Kevin De Freitas is a Canadian music video and commercial director.

Career

He directed the Canadian series of PSAs for Bono’s Make Poverty History ‘Click’ campaign, which was part of the Live 8 concert event for Africa.

NorthBay Media Arts commissioned Kevin De Freitas to direct their script "Toobie", a coming of age story about bullying. The 45min Short Feature Film premiered at the Maryland International Film Festival.

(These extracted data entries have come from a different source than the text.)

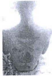
ภาพ 22 ยันต์เก้ายอด
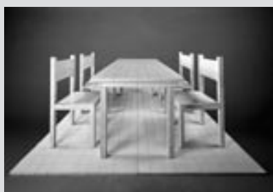
▲「遠近法の椅子とテーブル」(1966年/ラッカー・木) / 東京国立近代美術館蔵

日程・内容・講師は6月26日(土)「同時代者の証言」…中原佑介氏(美術評論家)、赤瀬川原平氏(画家)、7月17日(土)「実在と不在をめぐって」…高島直之氏(武蔵野美術大学教授)、松浦寿夫氏
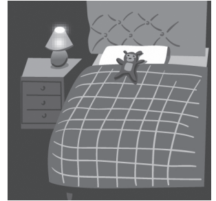
3 b _ dr _ _ m

Over 10,000 middle school students per year watch the film, from Philadelphia to Washington, D. C., to spark conversations about bullying, the power of education, and the ripple effect of making positive decisions.

Awards and recognition

At the 2008 MuchMusic Video Awards, he won Best Director and Best Video of the Year for
Hedley's "For the Nights I Can't Remember". He also won Best Rock Video and Best Cinematography for Hedley's "She's So Sorry". In 2007, he was awarded Best Pop Video for Hedley's "Gunnin". In 2003, he won a Best Pop MMVA for Shawn Desman's "Get Ready". The Reel World Film Festival presented De Freitas with a Trailblazer Award for Achievement in Filmmaking in 2002. In 2001, he won a Best Rap Video MMVA for Baby Blue Soundcrew's "Money Jane" (featuring Sean Paul, Kardinal Offishall and Jully Black).

Personal life

He currently lives in Los Angeles, CA.

References

Canadian music video directors
Living people
Year of birth missing (living people)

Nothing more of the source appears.